Strikingly, when bound to PI(3,4,5)P₃ embedded in membranes lacking the background anionic lipid PS, AF555-GRP1PH diffuses at the same rate, within error, as the fluorescent lipid LRB-DOPE. By contrast, the PH domain diffuses significantly more slowly on bilayers also containing PS. Thus, AF555-GRP1PH exhibits diffusion constants of 3.0 ± 0.3 μm²/s on PC/PIP3 and 2.0 ± 0.2 μm²/s on PC/PS/PIP₃ (Table 3, Fig. 3 C). It is highly unlikely that the reduced protein diffusion is due to lipid-lipid interactions between PI(3,4,5)P₃ and PS, because i), the PI(3,4,5)P₃ headgroup is nearly completely engulfed by the PH domain (14), ii), both lipids are negatively charged, and iii), the PI(3,4,5)P₃ acyl chains are matched to the other lipids in the bilayer, which exhibit identical diffusion in the presence and absence of PS (Fig. 1). Rather, the change in protein diffusion suggests an interaction of the PI(3,4,5)P₃-docked protein with PS. Importantly, PS in the absence of PI(3,4,5)P₃ is insufficient to target the GRP1 PH domain to the membrane (Fig. 2 and (17)). Overall, the results indicate that GRP1 PH domain docked to PI(3,4,5)P₃ on a bilayer surface can simultaneously associate with PS at one or more low affinity binding sites.

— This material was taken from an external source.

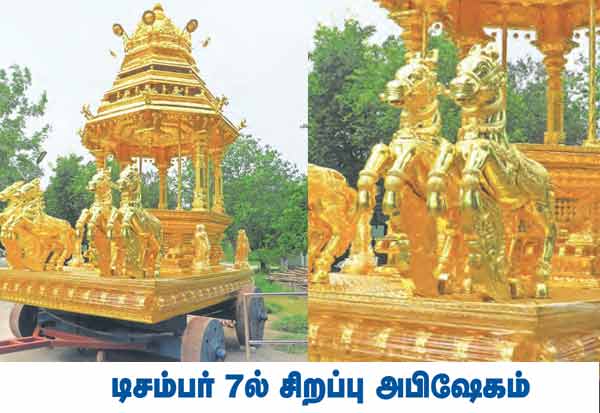 காஞ்சிபுரம் ஏகாம்பரநாதர் கோவிலுக்கு புதிதாக செய்யப்பட்டு உள்ள தங்கத்தேருக்கு டிசம்பர் 6ம் தேதி வெள்ளோட்டமும், டிசம்பர் 7ம் தேதி சிறப்பு அபிஷேகமும் நடைபெற உள்ளது.

Single-molecule measurement of dissociation kinetics for membrane-bound GRP1 PH domain

Dissociation rates of single molecules can be measured by tracking many particles from the time each appears on the surface until the time it disappears. A probability density distribution of the resulting dwell times is an exponential distribution with a decay constant equal to the sum of the dissociation and photobleaching rate constants (29). The photobleaching rate of AF555-GRP1PH was measured explicitly by monitoring the disappearance of immobilized particles under conditions identical to those used for dissociation measurements. A high density of protein was applied to the membrane, and IP₆ was added to competitively displace all freely diffusing PH domains from the membrane surface. This IP₆ treatment did not displace PH domains trapped in immobile states, which remained on the surface for over 30 min. A previously unexposed region of the surface was imaged until at least 95% of the immobilized spots had disappeared, and the amount of time to disappearance was recorded for all immobile particles that bleached in a single step. Thus, for this photobleaching measurement, analysis focused on particles that, in other experiments, would have been prebleached or excluded by thresholding. The density of particles was sufficiently high that contributions from immobile contaminants were negligible. The photobleaching rate increased linearly with incident laser power, and was 0.05 ± 0.02 s⁻¹ at the power densities used for dissociation measurements of AF555-GRP1PH (Fig. S4). All measured dissociation rates of AF555-GRP1PH are 8- to 16-fold faster than this rate, thus photobleaching is a minor contribution to the apparent dissociation kinetics.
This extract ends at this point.